# New coat.. new job...!



## lozb (May 31, 2010)

Got Baxter a coat for this freezing weather - he wasn't sure at first but soon got used to it.... we took my daughter sledging.. judging from these pictures, it looks like he's got a new job - as a sledge-puller!!!!

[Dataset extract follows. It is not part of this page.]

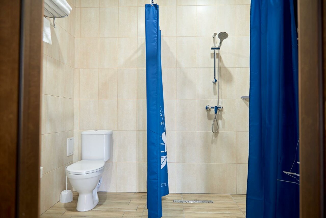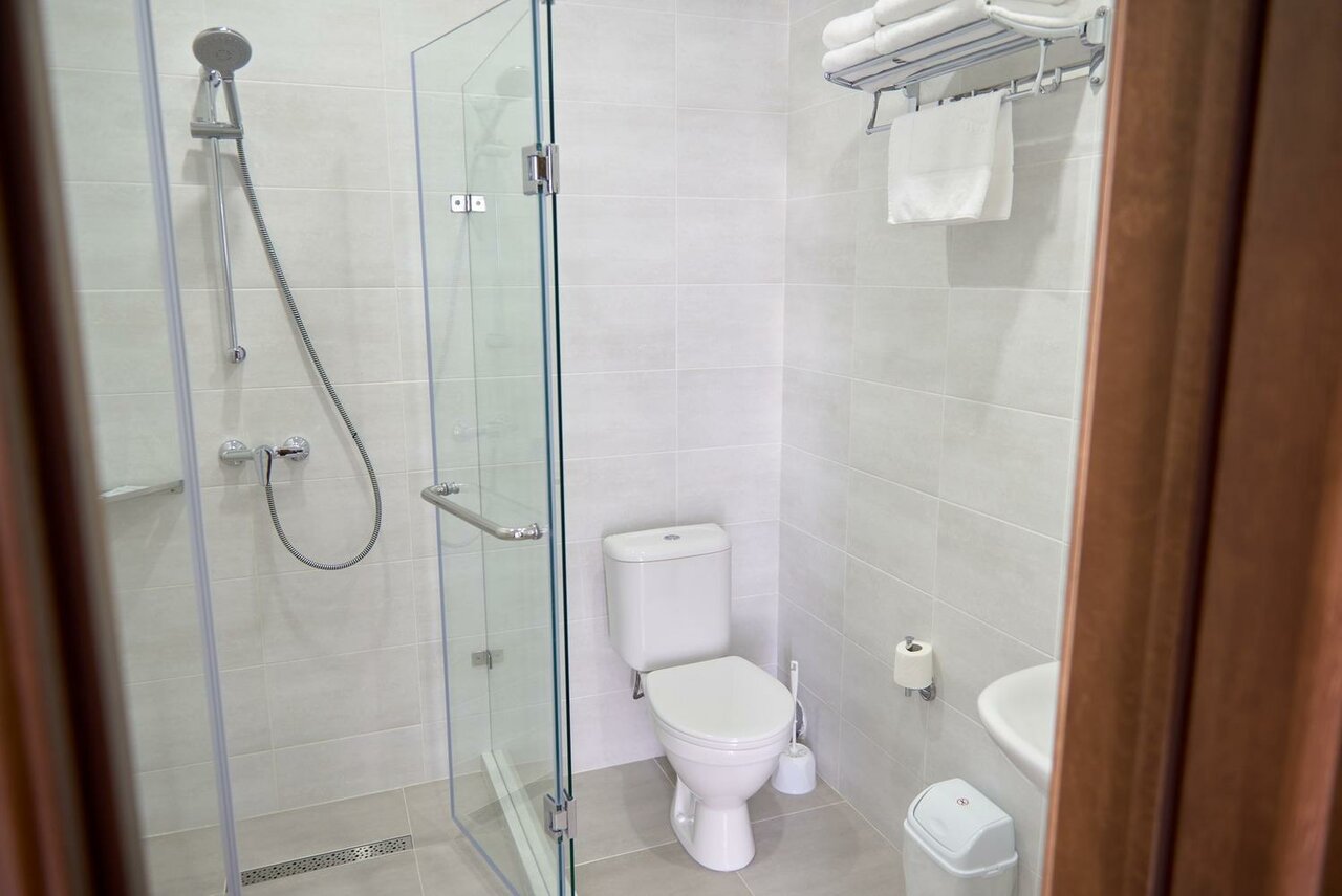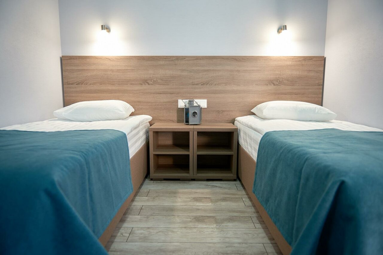 В этот раз остановились в номере с двумя раздельными кроватями и санузлом в номере. Есть телевизор, небольшой холодильник, столовые приборы, стаканы, тарелки. Хороший вай-фай. Вообщем все условия для того чтобы отдохнуть. В коридоре есть кулер с горячей и холодной водой, на случай если вы не хотите воспользоваться общей кухней. На кухне можно разогреть готовую пищу или что-то приготовить, попить чай. Так при гостинице имеется большая парковка. Останавливались тут второй раз. Нас все устраивает.

And how handsome does he look in his new coat?


----------



## missnaomi (Jun 4, 2010)

He is beautiful!
Naomi xx


----------



## lozb (May 31, 2010)

missnaomi said:


> He is beautiful!
> Naomi xx


 Thanks Naomi! We think so too


----------



## Dally Banjo (Oct 22, 2009)

Very very smart :thumbup: looks lovely & cosy to


----------



## xhuskyloverx (May 5, 2010)

Aww bless him, he looks smart!! And looks like hes taken on his new role quite comfortably!


----------



## Sarahnya (Oct 27, 2008)

Thats too cool how you got him to pull the sledge! Does he ride on it too


----------



## lozb (May 31, 2010)

Dally Banjo said:


> Very very smart :thumbup: looks lovely & cosy to


:thumbup: Thanks DB - he does look quite daper! 


Sarahnya said:


> Thats too cool how you got him to pull the sledge! Does he ride on it too


lol... he doesn't ride on it.... yet.... and he pulled it all by himself - clever dog! 


xhuskyloverx said:


> Aww bless him, he looks smart!! And looks like hes taken on his new role quite comfortably!


Thanks! He did enjoy his new role - hopefully we'll get out again in the snow to try it again!
xx


----------



## lifeizsweet (Jun 7, 2009)

Hehe love the photos! i told OH we need to get a sled from Brams to pull!


----------



## golfchick (Mar 18, 2010)

he looks like a sailor dog! Gorgeous!


----------



## XxZoexX (Sep 8, 2010)

Hahahes lovely, god when i was young we did the same Oh the memories LOL (any one would think i was ancient) :lol:


----------



## alaun (Jul 21, 2009)

He looks very handsome


----------